Actually this seems pretty straight forward: The s3Client gets used here when making a layerWriter:

https://github.com/locationtech/geotrellis/blob/3609bf707d811960b44f6f9eed0cafbf7f7099cd/s3-spark/src/main/scala/geotrellis/spark/store/s3/S3SparkLayerProvider.scala#L41

Which ultimately a is a field on a class extended by S3SparkLayerProvider: https://github.com/locationtech/geotrellis/blob/3609bf707d811960b44f6f9eed0cafbf7f7099cd/s3/src/main/scala/geotrellis/store/s3/S3CollectionLayerProvider.scala#L34

The knee-jerk reaction is to make the provider Serializable but its slightly wrong to keep pulling more classes into closure. What what field does is ensure that every call to provider re-uses the same client. Which is a good thing.
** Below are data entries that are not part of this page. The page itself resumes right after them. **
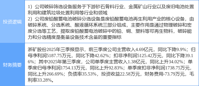 证券之星消息,浙矿股份1月6日涨停收盘,收盘价41.16元。该股于11点7分涨停,5次打开涨停,截止收盘封单资金为2483.51万元,占其流通市值0.88%。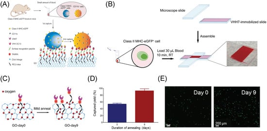 (A) Schematic of VHH7 and VHH DC13-based GO substrates for capture of Class II MHC-eGFP+ and CD11b+ cells from whole blood. (B) Schematic of the cell capture device made from glass slides, the assay conditions, and a digital photograph of the constructed and loaded capture chamber. (C) Schematic showing enhanced functionalization of GO nanosheets because of oxygen clustering on the graphene basal plane. GO-Day 0 represents as-synthesized GO sheets with no annealing treatment, while GO-Day 9 represents GO substrates annealed for 9 days at 80 °C to induce oxygen clustering. (D) Cell capture efficiency of annealed GO structure (Day 9) compared to that of as-synthesized structure (day 0). (E) Quantification of captured class II MHC-positive eGFP+ cells from murine whole blood samples comparing Day 0 and Day 9 samples. Figures reproduced with permission from: (A) [], Wiley©; and (B–E) [], ACS©.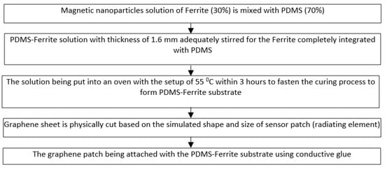Figure 2 explains in detail the processing steps (flowchart) for synthesizing the Magnetite PDMS Graphene array sensor. The PDMS used has the permittivity of 2.8 while the graphene used has the carbon content, thickness, and conductivity of 97%, 25 µm, and 3.5 × 108 s/m, respectively [32]. On the other hand, Figure 3 demonstrates the synthesized Magnetite PDMS Graphene array sensor.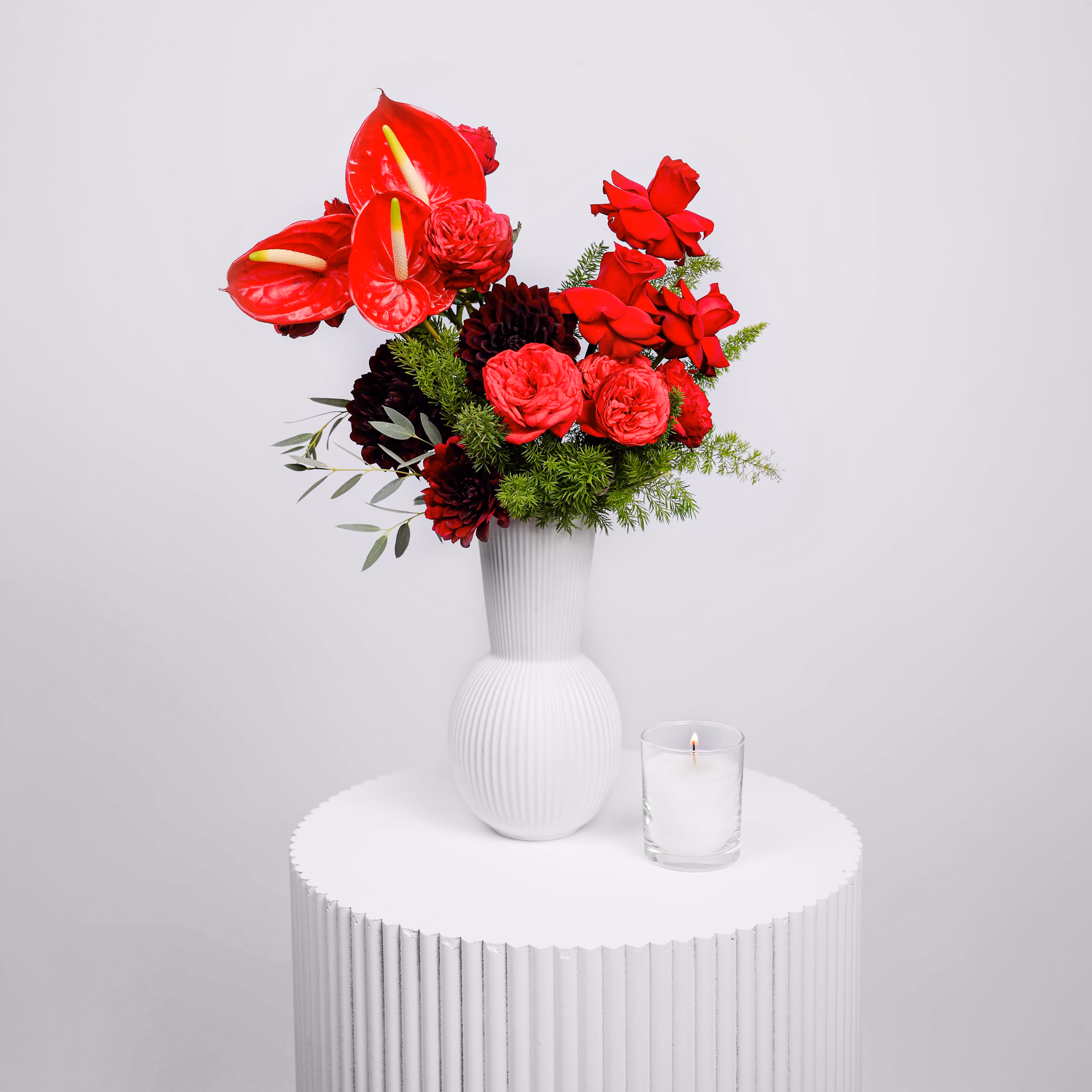 A passionate arrangement designed to embody love and allure. With its deep red tones and lush greenery, this bouquet radiates romance, intensity, and sensual charm—perfect for moments where passion speaks louder than words. Comes with one scented candle to spice up the mood, if this isn’t a long distance relationship of course.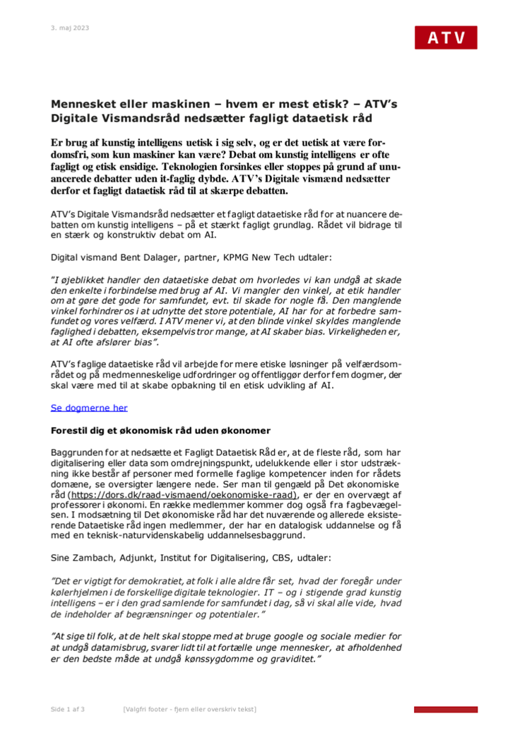 Pressemeddelelse for ATV's faglige dataetiske råd - PDF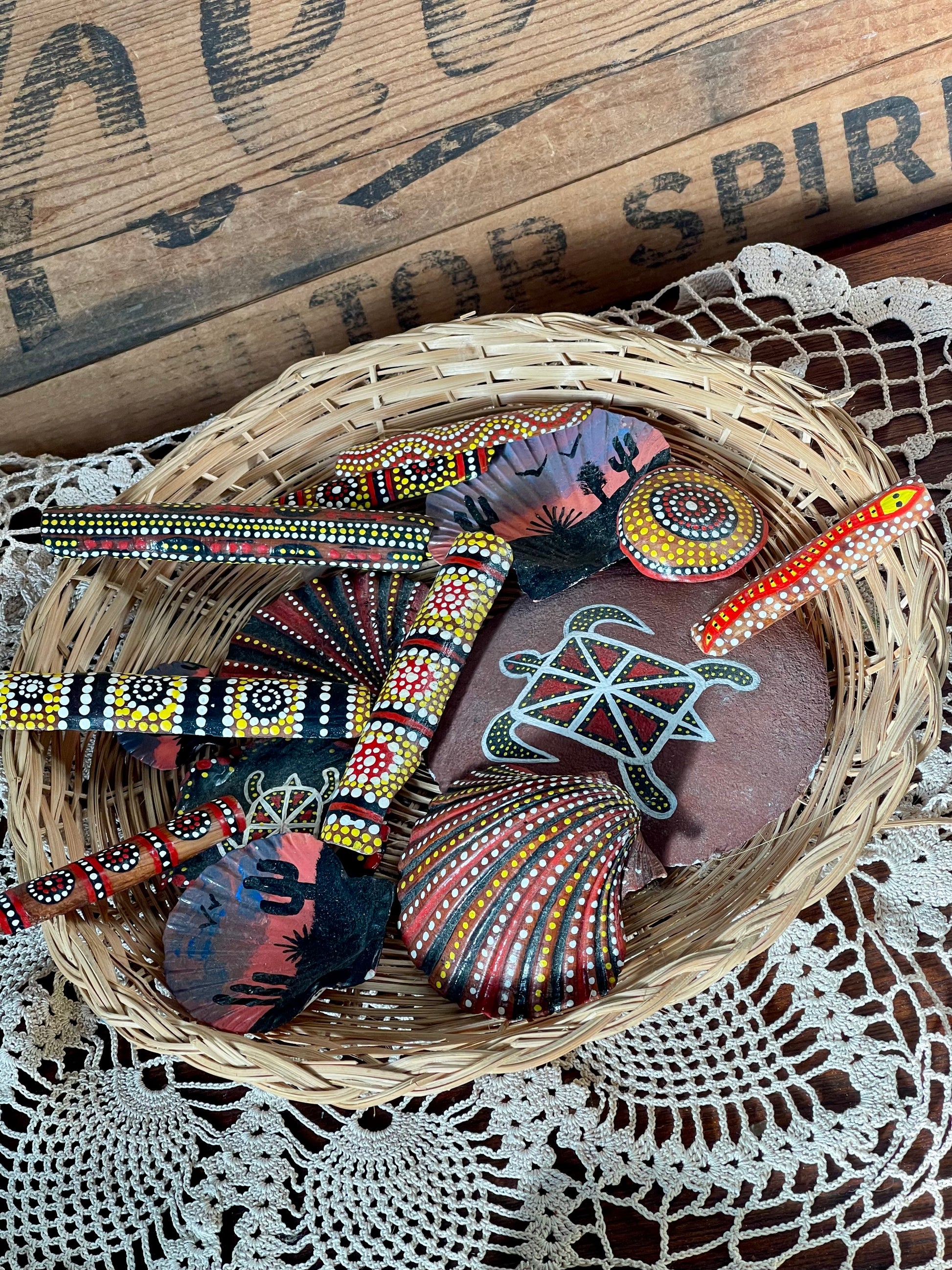 A charming basket of hand-painted souvenir shells, stones pieces decorated in the Aboriginal-inspired dot art style. These colourful pieces were commonly sold through tourist stops and gift shops across Australia as keepsakes and decorative tokens.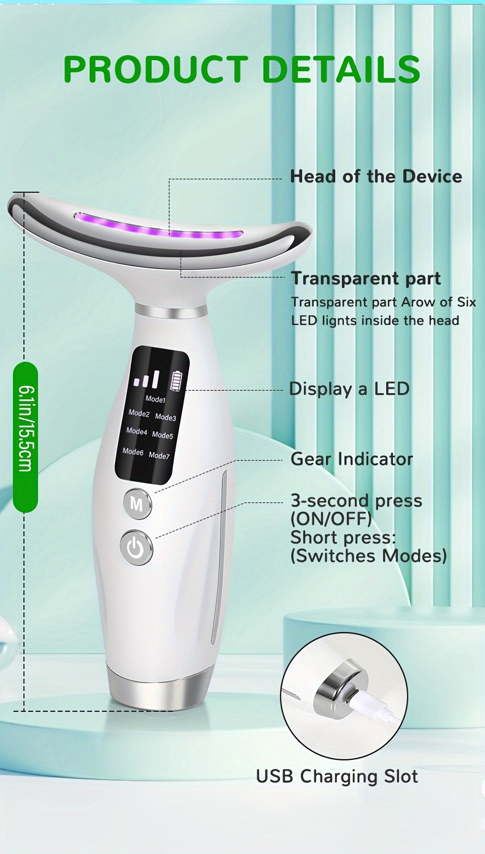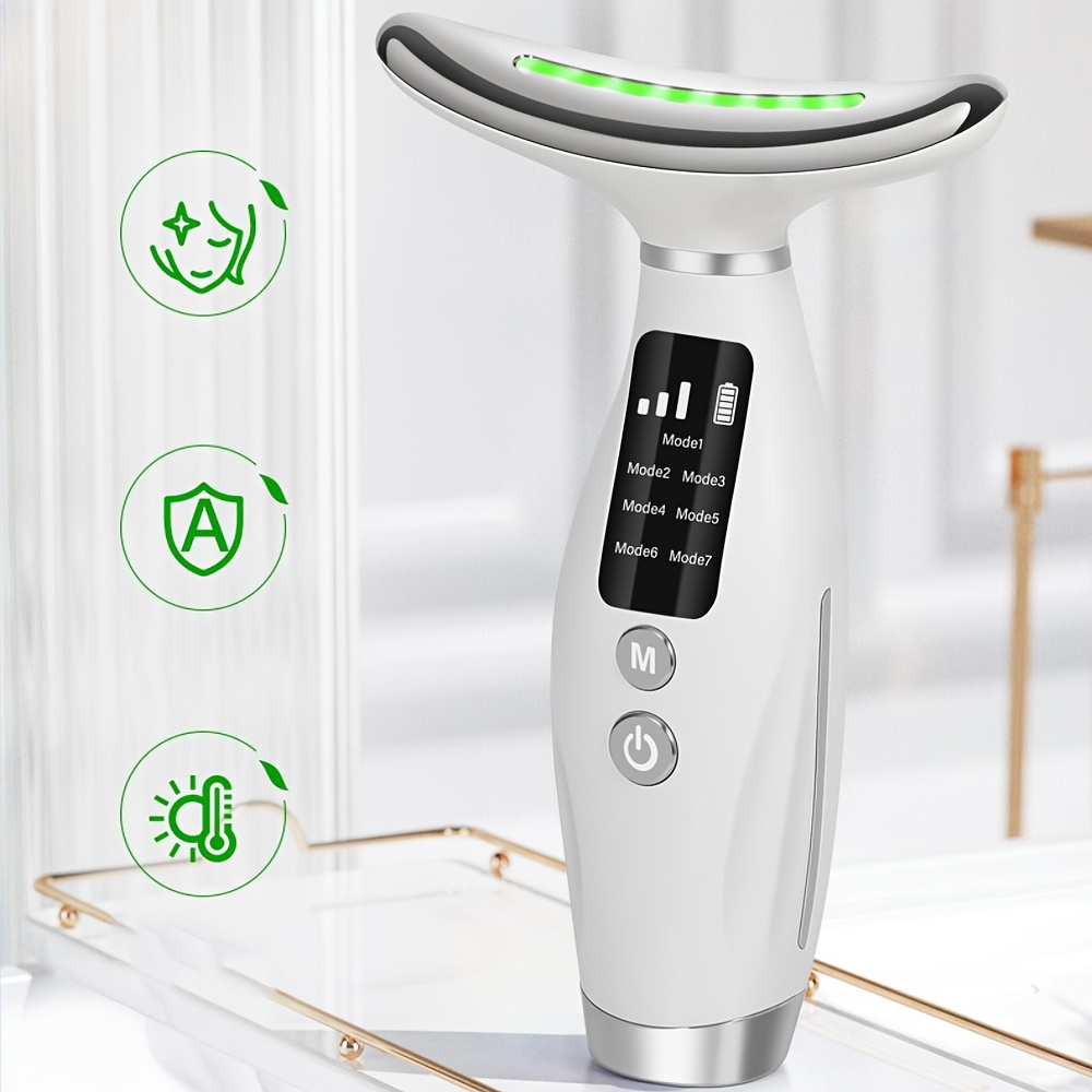 This advanced neck beauty device uses gentle heat therapy and vibration technology to help tighten, lift, and smooth your skin for visible results.
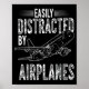 Affiche Easily Distracted By Airplanes Funny Plane Lovers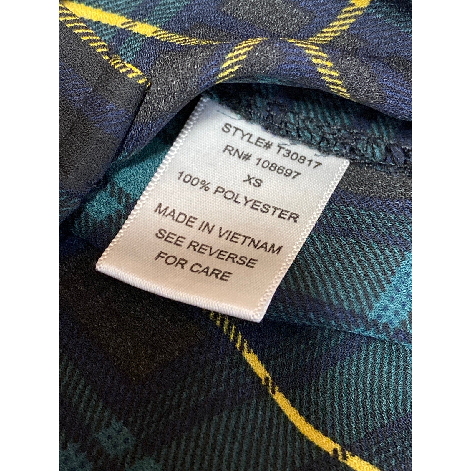 Alice Blue Women's Green Check Plaid Flannel Long Sleeve Button Up Shirt Top XS

However, looking at it deeper (separate issue really):

https://github.com/locationtech/geotrellis/blob/master/s3/src/main/scala/geotrellis/store/s3/S3ClientProducer.scala

... we see that S3ClientProduce already does the same thing:

https://github.com/locationtech/geotrellis/blob/3609bf707d811960b44f6f9eed0cafbf7f7099cd/s3/src/main/scala/geotrellis/store/s3/S3ClientProducer.scala#L37

.. gets used by default which will cache. But if we user uses set:

https://github.com/locationtech/geotrellis/blob/3609bf707d811960b44f6f9eed0cafbf7f7099cd/s3/src/main/scala/geotrellis/store/s3/S3ClientProducer.scala#L71-L72

he's providing a function which may or may not have the same caching behavior depending on its implementation. Thats kind of non-obvious consequence here.